With democratic voices silenced, religious fundamentalism emerged as the principal language of dissent. In December 1999, Islamists launched incendiary attacks against the regime, arguing that planned millennium celebrations were part of plot to spread Christianity. In 2003, posters appeared on the walls of schools in Edhyafushi Island, praising Osama bin-Laden. A Male shop displaying a Santa Claus was attacked in 2005.

Militant Islam now threatened the regime which had nurtured it. But while the government sometimes used coercive means to punish Pakistan-trained Islamists involved in violence – some famously had their beards shaved off with chilli sauce instead of foam – for the most part, it chose accommodation. Islamists who accepted the established political order – a group who call themselves ‘super-Salafis,’ to distinguish themselves from the jihadi ‘Dots’ – were given considerable freedom.

Ali Shareef, for example, returned to the Maldives despite his abortive plan to over throw the Government, and secured an appointment in the judicial service. He used his influence to help build the Islamist mini-state on Himandhoo, which, among other things, ran a Salafi mosque that rejected state-approved liturgical practices. Charges against Ibrahim Asif were dropped, after the Maldives Police chose not to secure witnesses or forensic evidence from India. Jaleel, Nasreen and Raushan, too, were set free.

Police shut down the Himandhoo mosque in 2006, but it was allowed to resume operations within weeks. Ibrahim Shameem, a Government supporter on the island who resisted the Islamists, was assassinated two months later in a reprisal killing that went unpunished. And while the Islamists and Police fought a street battle in June after officials attempted to close down a Salafi mosque in Male, at least two others operated unhindered. One, investigators have now found, gave birth to the cell which carried out the Sultan Park bombing.
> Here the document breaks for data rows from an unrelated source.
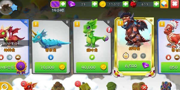 龙的买入分为金币买入和钻【氪】石【金】买入,由于本作每一个种类的龙都只需一些便可,钻石买入要的量挺大,只管充钱龙都较强,但基础仅有重氪游戏玩家才会选择。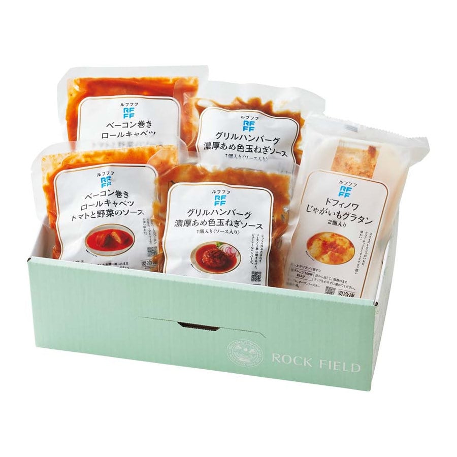 【セット内容】グリルハンバーグ濃厚あめ色玉ねぎソース160g(うち、ハンバーグ本体80g)×2、ベーコン巻きロールキャベツトマトと野菜のソース210g×2、ドフィノワじゃがいもグラタン2個入り200g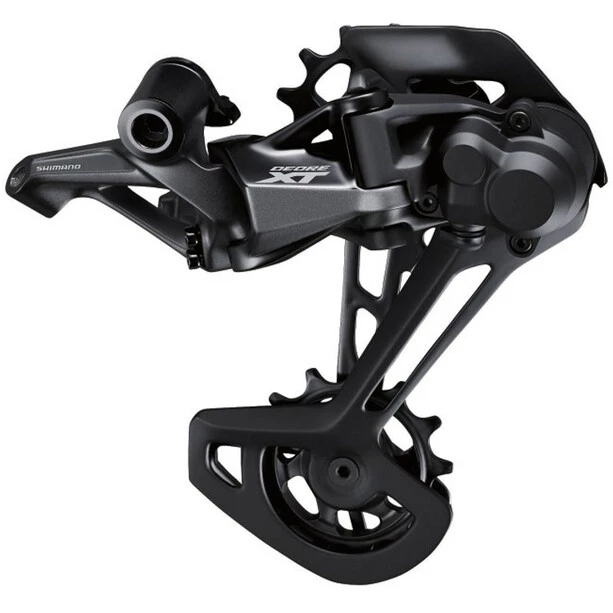 La toute nouvelle série de dérailleurs arrière Shimano Deore XT M8100 offre un nouveau niveau de réduction du bruit avec moins de tension dans les rapports inférieurs et une butée supplémentaire sur la cage. Les galets inférieurs 13Z, plus grands, offrent une plus grande efficacité et une meilleure gestion de la chaîne, tandis que la compatibilité avec la nouvelle cassette 12 vitesses de Shimano augmente considérablement la bande passante.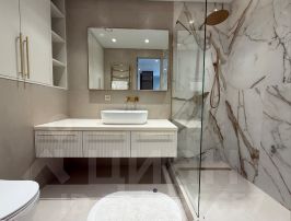 Совмещенный санузел с душевой, зеркало с подсветкой, полотенцесушитель, шкафчики.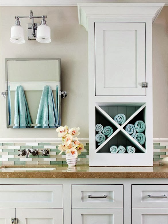 Tiny Bathroom Storage Ideas - Big Ideas for Small Bathroom Storage | DIY / Arrange neatly the towels and other ornaments for an interesting storage idea.. Keep a basket near the toilet, under the sink, or in the closet to make use of tight space. Strategically place some around the bathroom to keep products and accessories organized. Having a small bathroom means you will have to find some inspiration for building some storage inside of it. Place it on one of the bathroom walls to save space and give a neat impression. Reusable crate shelves will provide an inexpensive and inexpensive small bathroom decor.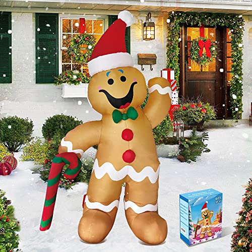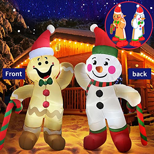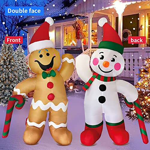 - 【Perfect Christmas Decorations】6 ft snowman with gingerbread man inflatables,perfect for Christmas decor.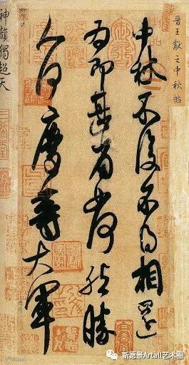 所以大家可以看到隋唐笔和现代笔写出来的笔痕的不同,也正是因为这一点,当时徐邦达先生才判断清宫旧藏的王羲之大道贴和王献之的中秋帖不是原作。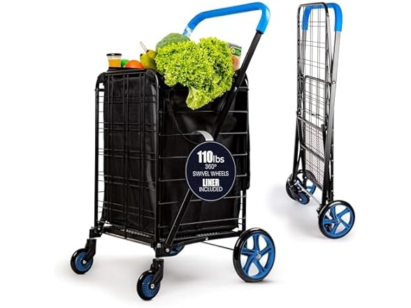 Woot offers SereneLife Large Folding Utility Shopping Cart with Removable Liner â Heavy Duty, 360° Swivel Wheels, 110 lb Capacity, Portable for Groceries, Laundry, Luggage, and More (Blue) for $15.99 (orig. $74.99) + free shipping with Prime. Product Description:- STURDY AND VERSATILE DESIGN - Built with a high-quality steel frame and tear-resistant, weatherproof fabric this shopping cart is ideal for grocery shopping, laundry, or luggage. Enjoy the convenience of a foldable shopping cart with wheels.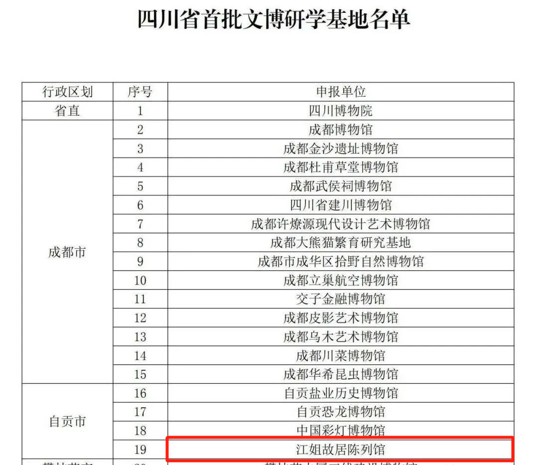 四川省文物局網站公示四川省首批文博研學基地及優秀文博研學課程。其中,有45個館擬入選文博研學基地,100個研學課程擬入選優秀文博研學課程。江姐故居陳列館成功入選。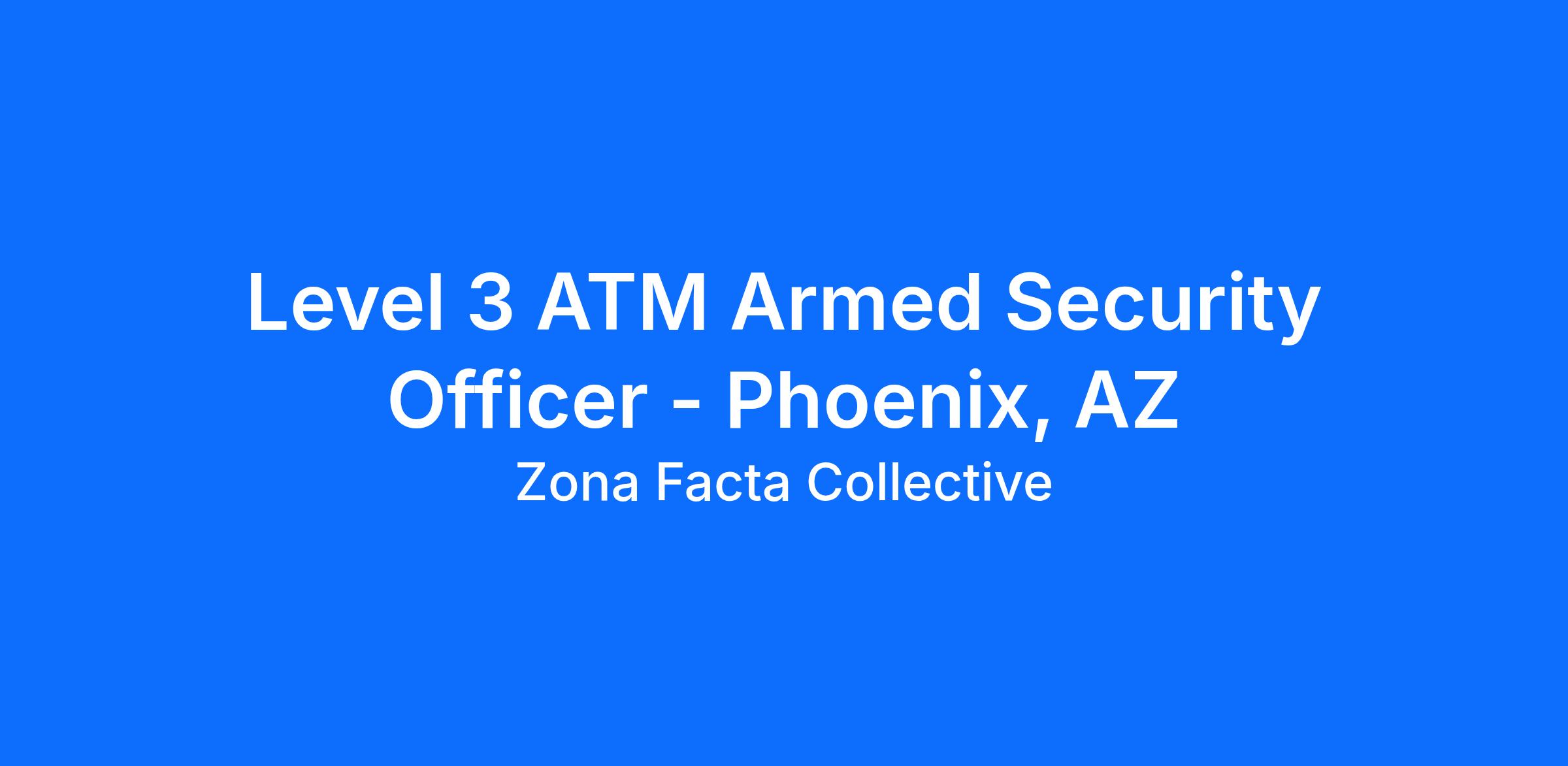 Zona Facta Risk Mitigation Services is actively seeking highly qualified and experienced security guards for security contracts across Phoenix, Arizona. Currently, we have an opening for an Armed Protective Agent to support our ATM Technician Security Contract. This role involves providing armed protection to ATM technicians while they perform their duties at various locations across Phoenix, Arizona.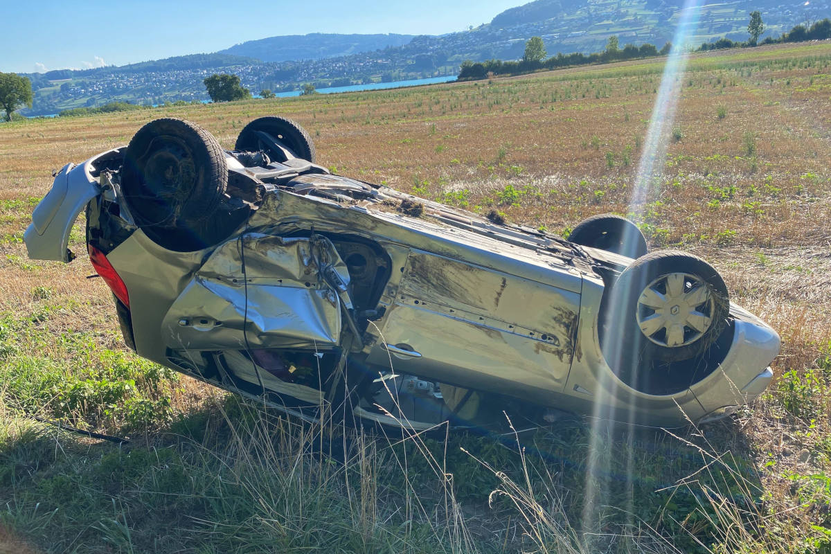 Der Unfall ereignete sich am Dienstag, 9. August 2022, um 17:50 Uhr auf der Aescherstrasse in Meisterschwanden. In einem Mercedes-Benz fuhr ein 21-jähriger Mann von Aesch kommend in Richtung Sarmenstorf. Kurz vor der Verzweigung ausserhalb von Meisterschwanden kam er auf die Gegenfahrbahn und stiess mit einem Renault zusammen, der vom Dorf herannahte. Als Folge davon überschlug sich der Renault und landete auf der angrenzenden Wiese auf dem Dach.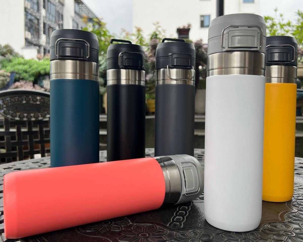 야외 스테인레스 스틸 바운스 커버 보온병 컵 휴대용 스포츠 승마 컵 등산 주전자 핸드 컵 선물 컵 도매스토어 가기
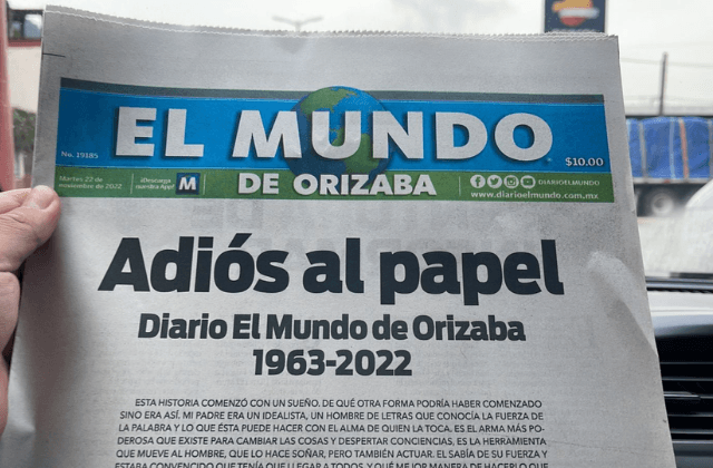 El espacio, que fue el semillero de muchos reporteros de la región de las Altas Montañas de Veracruz que hoy son dueños de sus medios, cerró 100 fuentes laborales, involucrados en la impresión y la distribución del periódico el Mundo de Orizaba y Córdoba, los de mayor circulación en la zona centro, que informaron por seis décadas.
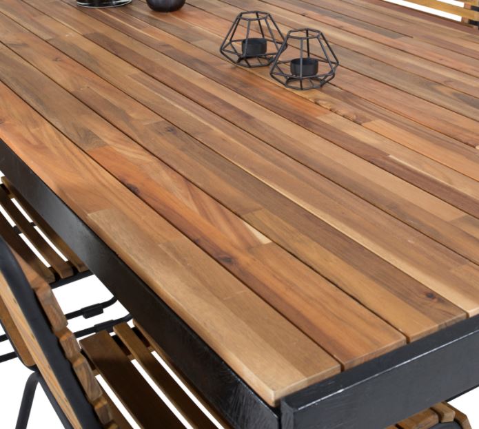 Pöydän kansi on koristeellista akaasiaa ja pöydän jalat tyylikästä metallia. Kutsu perhe ja ystävät nauttimaan illallista ulkotilaasi lämpiminä kesäiltoina. Jotta ulkokalusteet säilyttäisivät viimeistelynsä, ne tulee olla öljykäsitelty.
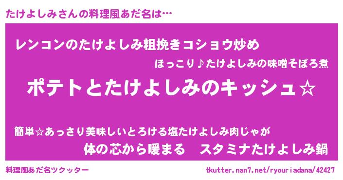 | 意味不明あだ名 | 『とにかく怪しいたけよしみ』 |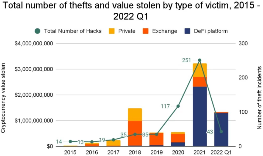 根据Chainalysis数据,2022年第1季度,DeFi加密货币平台频繁成为黑客攻击的目标。2021年,约有25%从DeFi平台窃取的加密货币之后返回给了受害者,而今年没有一起从DeFi窃取的资金返回的案例。

Now under pressure, the Maldives finally appears to be cracking down. Soon after the Sultan Park bombing, troops and Police moved to clear the mini-state in Himandhoo, while Salafi mosques have been closed down. Almost a hundred people have been arrested. Still, trouble could lie ahead. Elections are scheduled for next year, and some analysts believe jihadis will escalate operations to ensure their cadre are not won away by mainstream parties like the secular Maldivian Democratic Party or Islamist Adaalath. Intelligence officials are also concerned at the possible use of remote Maldives Islands by organisations like the LeT, as well as at the steady flow of funds to local Islamists from organisations in Pakistan, west Asia, and the United Kingdom.

Hell, it would appear, isn’t that far a journey from paradise.

The writer is Deputy Editor and Chief of Bureau, Frontline, New Delhi, India.